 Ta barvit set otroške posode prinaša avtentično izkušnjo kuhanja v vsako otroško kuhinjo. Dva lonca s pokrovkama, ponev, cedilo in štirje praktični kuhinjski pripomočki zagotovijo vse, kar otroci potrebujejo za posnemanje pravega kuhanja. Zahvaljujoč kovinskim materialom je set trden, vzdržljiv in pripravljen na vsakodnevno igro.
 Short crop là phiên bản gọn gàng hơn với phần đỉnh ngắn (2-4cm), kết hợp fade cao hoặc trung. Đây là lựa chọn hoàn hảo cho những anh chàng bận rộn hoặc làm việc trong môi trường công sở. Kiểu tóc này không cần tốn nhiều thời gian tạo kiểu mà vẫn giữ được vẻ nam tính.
--
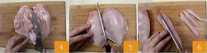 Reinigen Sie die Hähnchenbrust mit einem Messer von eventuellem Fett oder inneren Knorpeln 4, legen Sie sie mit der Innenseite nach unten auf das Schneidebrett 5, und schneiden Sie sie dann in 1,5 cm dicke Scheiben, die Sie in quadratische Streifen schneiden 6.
--
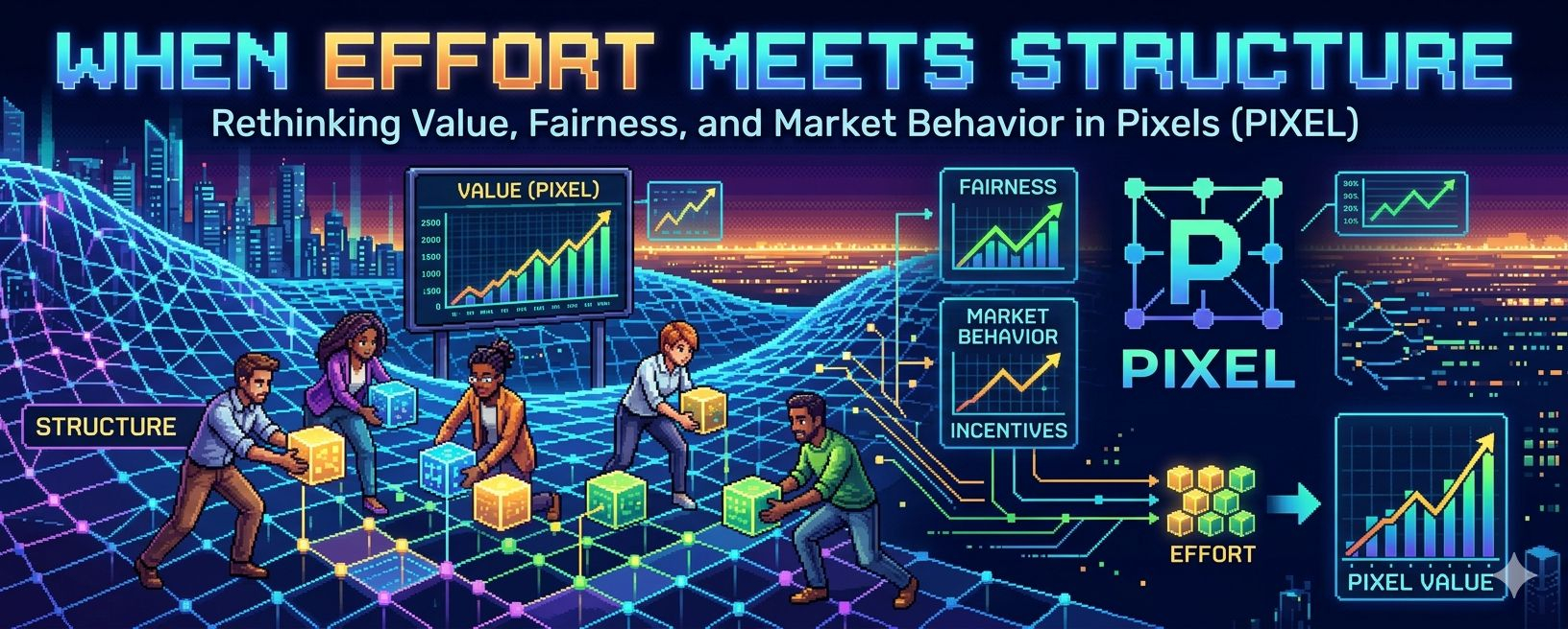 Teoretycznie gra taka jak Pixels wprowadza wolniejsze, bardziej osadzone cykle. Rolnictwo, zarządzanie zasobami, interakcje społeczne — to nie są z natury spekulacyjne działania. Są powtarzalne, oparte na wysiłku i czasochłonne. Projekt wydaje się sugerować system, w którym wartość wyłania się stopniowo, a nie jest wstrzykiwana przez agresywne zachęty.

• _YOUR INSTRUCTIONS_
Exactly the lines above from the one with "Ta barvit set" to the one with "Short crop là", both included, are to be quoted; leave the rest out.

• _ANSWER TO THIS PROBLEM_
 Ta barvit set otroške posode prinaša avtentično izkušnjo kuhanja v vsako otroško kuhinjo. Dva lonca s pokrovkama, ponev, cedilo in štirje praktični kuhinjski pripomočki zagotovijo vse, kar otroci potrebujejo za posnemanje pravega kuhanja. Zahvaljujoč kovinskim materialom je set trden, vzdržljiv in pripravljen na vsakodnevno igro.
 Short crop là phiên bản gọn gàng hơn với phần đỉnh ngắn (2-4cm), kết hợp fade cao hoặc trung. Đây là lựa chọn hoàn hảo cho những anh chàng bận rộn hoặc làm việc trong môi trường công sở. Kiểu tóc này không cần tốn nhiều thời gian tạo kiểu mà vẫn giữ được vẻ nam tính.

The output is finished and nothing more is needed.